Aim of the exercise:
Exactly as they appear, transcribe the entries and skip any pictures.

Exercise material:
════════

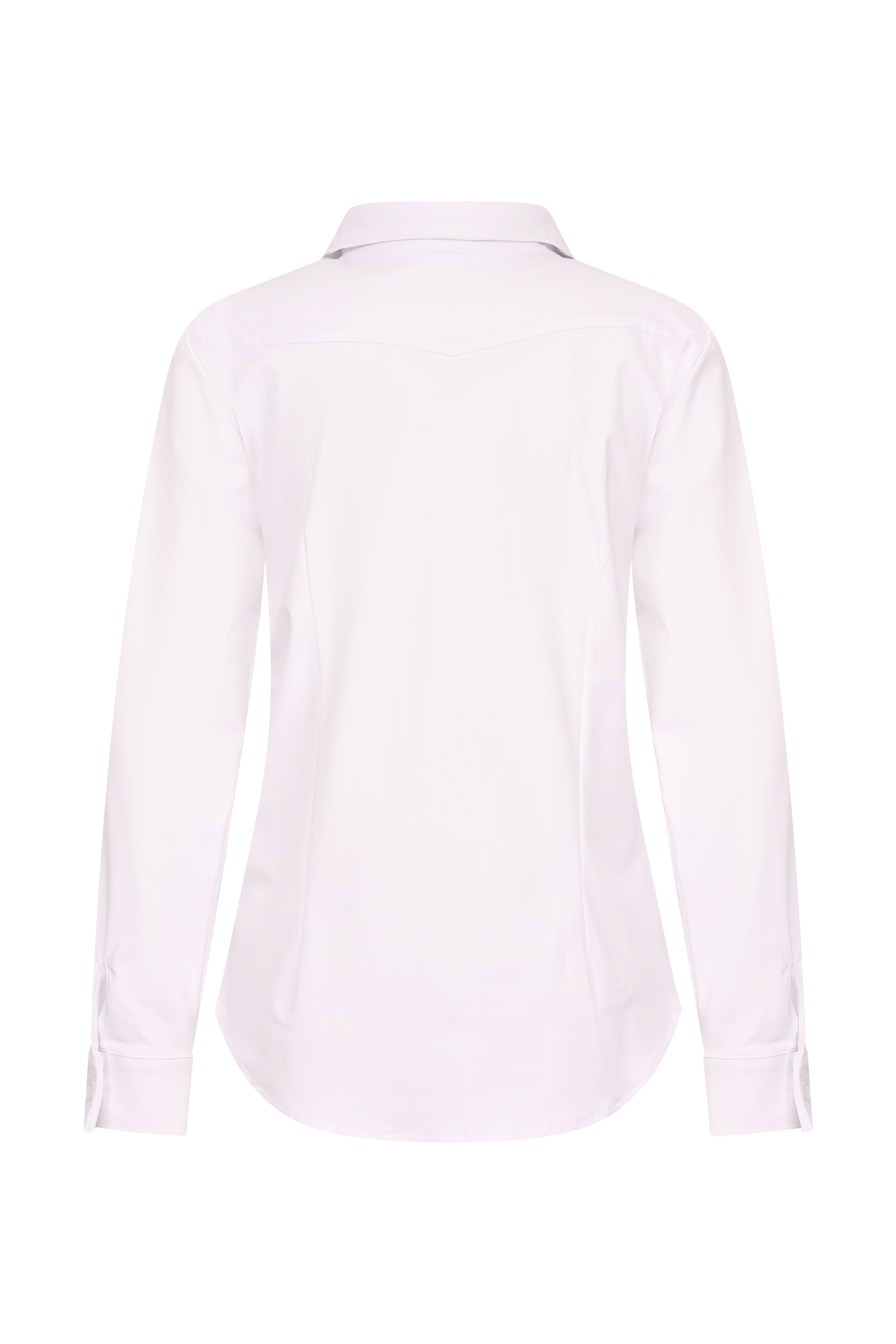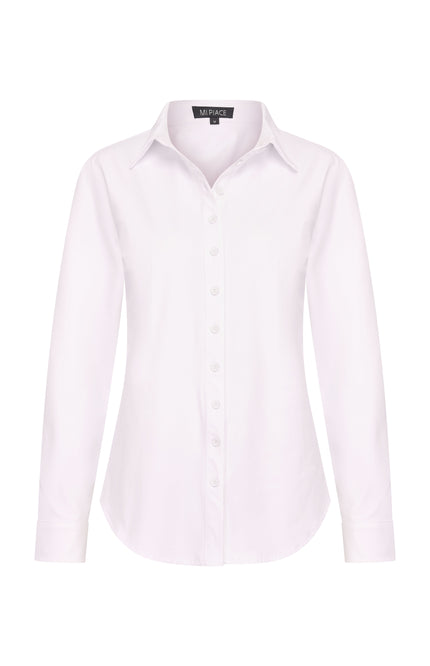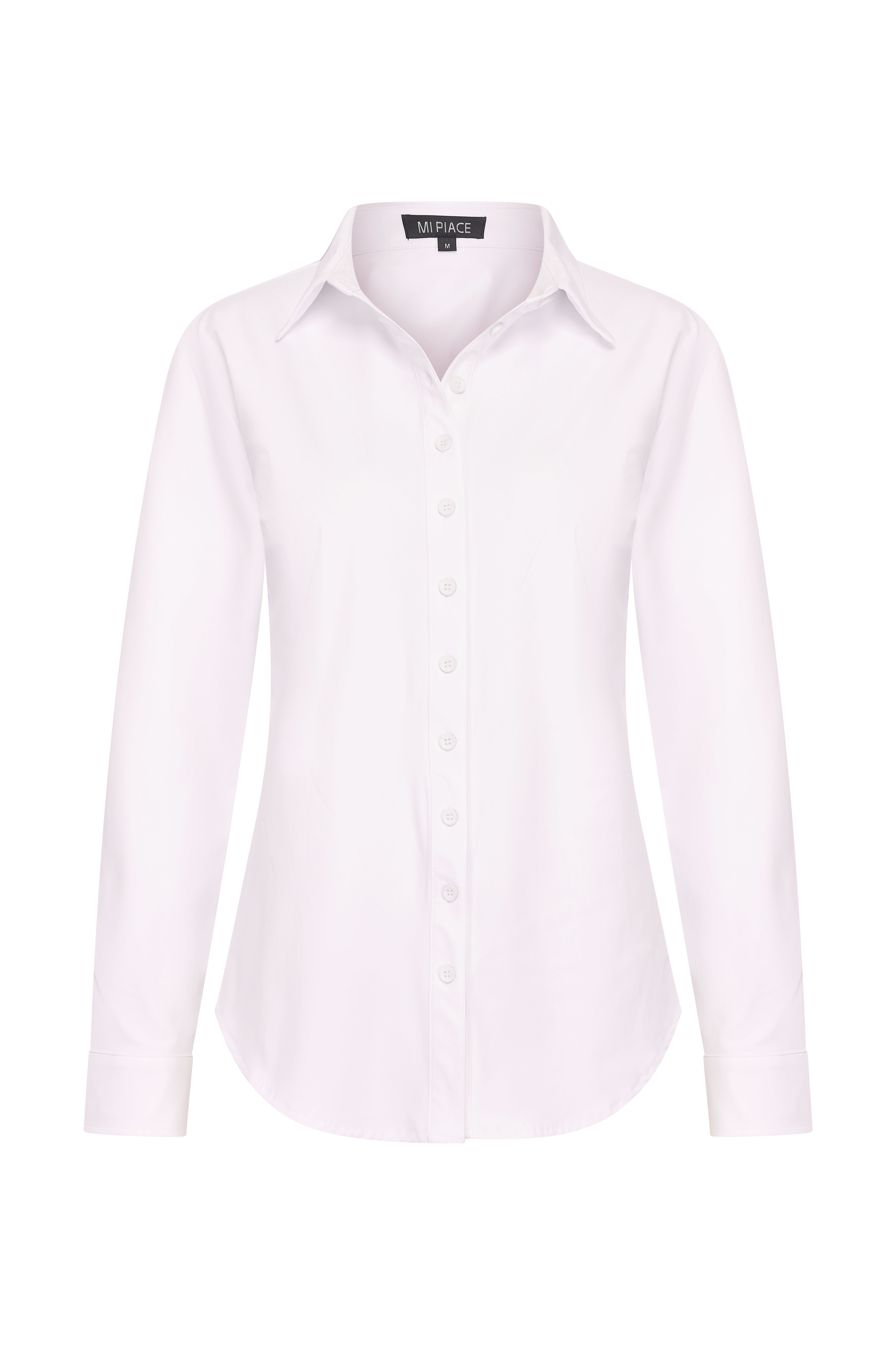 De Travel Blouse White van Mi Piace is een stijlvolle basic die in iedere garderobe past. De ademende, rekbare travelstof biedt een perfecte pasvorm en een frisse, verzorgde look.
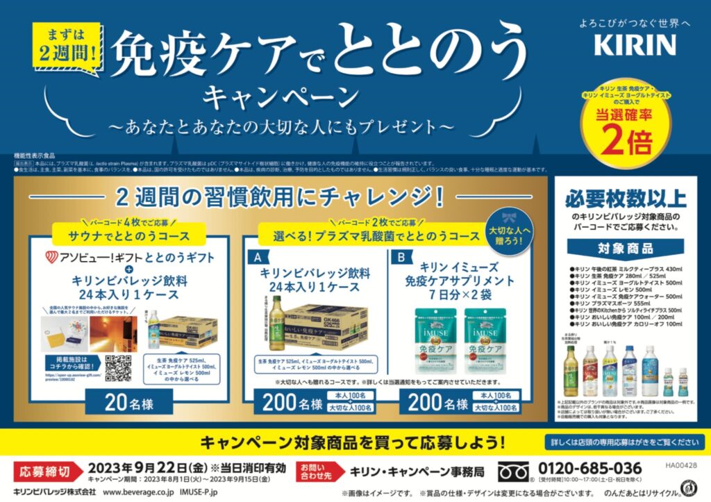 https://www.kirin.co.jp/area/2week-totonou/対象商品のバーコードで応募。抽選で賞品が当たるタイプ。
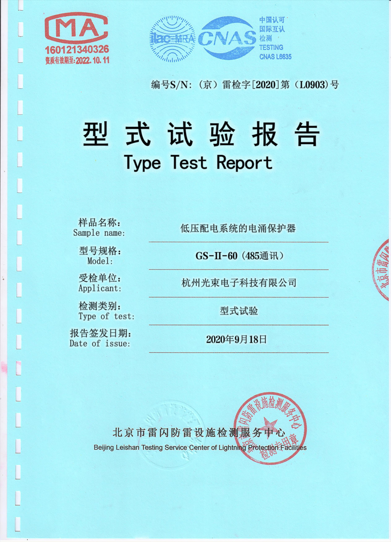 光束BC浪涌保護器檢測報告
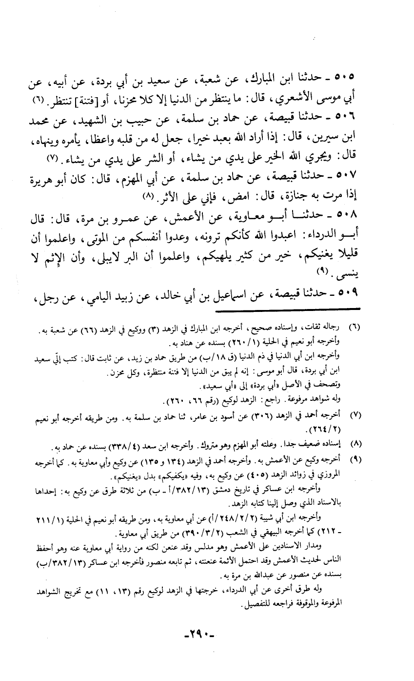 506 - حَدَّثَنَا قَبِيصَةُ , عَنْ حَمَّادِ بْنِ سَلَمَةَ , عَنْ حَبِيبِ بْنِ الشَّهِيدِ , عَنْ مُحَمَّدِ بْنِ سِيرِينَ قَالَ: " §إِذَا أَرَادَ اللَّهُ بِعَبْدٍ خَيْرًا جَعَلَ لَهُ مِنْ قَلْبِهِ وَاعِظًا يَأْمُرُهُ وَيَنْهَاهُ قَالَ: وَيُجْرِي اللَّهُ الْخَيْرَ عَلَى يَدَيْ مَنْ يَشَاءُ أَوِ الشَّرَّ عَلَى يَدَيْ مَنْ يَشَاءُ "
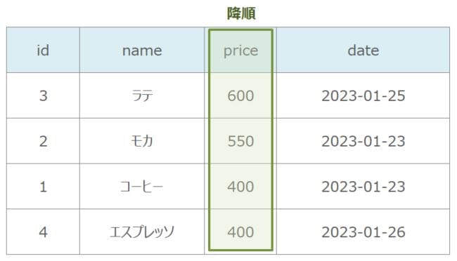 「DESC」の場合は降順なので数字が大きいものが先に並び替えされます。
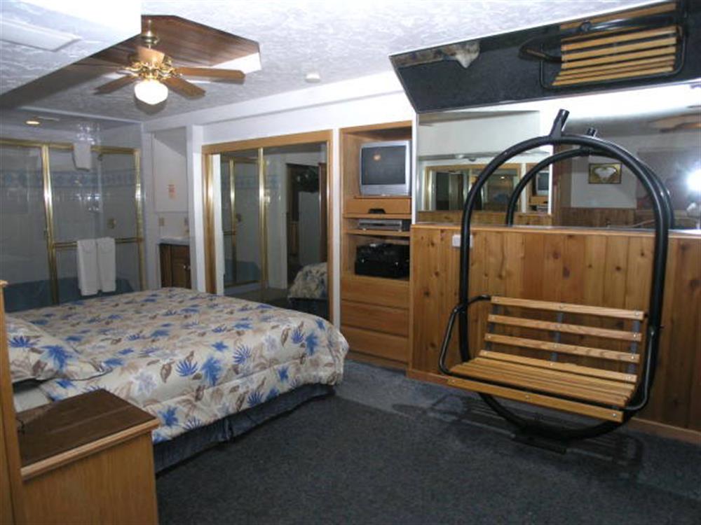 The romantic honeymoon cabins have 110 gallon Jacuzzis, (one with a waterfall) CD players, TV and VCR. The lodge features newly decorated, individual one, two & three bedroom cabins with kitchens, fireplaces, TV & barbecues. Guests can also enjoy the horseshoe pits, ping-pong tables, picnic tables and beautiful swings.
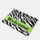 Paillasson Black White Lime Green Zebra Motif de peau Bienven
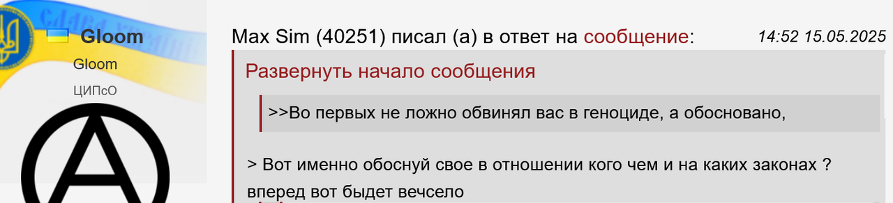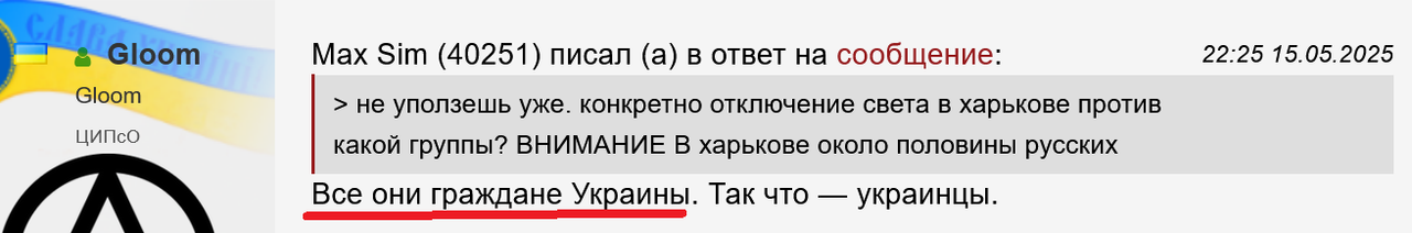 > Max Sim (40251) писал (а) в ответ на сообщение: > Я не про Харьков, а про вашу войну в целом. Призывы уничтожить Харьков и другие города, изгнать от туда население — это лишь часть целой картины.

════════

Result of this exercise:
 De Travel Blouse White van Mi Piace is een stijlvolle basic die in iedere garderobe past. De ademende, rekbare travelstof biedt een perfecte pasvorm en een frisse, verzorgde look.
 https://www.kirin.co.jp/area/2week-totonou/対象商品のバーコードで応募。抽選で賞品が当たるタイプ。
 光束BC浪涌保護器檢測報告
 506 - حَدَّثَنَا قَبِيصَةُ , عَنْ حَمَّادِ بْنِ سَلَمَةَ , عَنْ حَبِيبِ بْنِ الشَّهِيدِ , عَنْ مُحَمَّدِ بْنِ سِيرِينَ قَالَ: " §إِذَا أَرَادَ اللَّهُ بِعَبْدٍ خَيْرًا جَعَلَ لَهُ مِنْ قَلْبِهِ وَاعِظًا يَأْمُرُهُ وَيَنْهَاهُ قَالَ: وَيُجْرِي اللَّهُ الْخَيْرَ عَلَى يَدَيْ مَنْ يَشَاءُ أَوِ الشَّرَّ عَلَى يَدَيْ مَنْ يَشَاءُ "
 「DESC」の場合は降順なので数字が大きいものが先に並び替えされます。
 The romantic honeymoon cabins have 110 gallon Jacuzzis, (one with a waterfall) CD players, TV and VCR. The lodge features newly decorated, individual one, two & three bedroom cabins with kitchens, fireplaces, TV & barbecues. Guests can also enjoy the horseshoe pits, ping-pong tables, picnic tables and beautiful swings.
 Paillasson Black White Lime Green Zebra Motif de peau Bienven
 > Max Sim (40251) писал (а) в ответ на сообщение: > Я не про Харьков, а про вашу войну в целом. Призывы уничтожить Харьков и другие города, изгнать от туда население — это лишь часть целой картины.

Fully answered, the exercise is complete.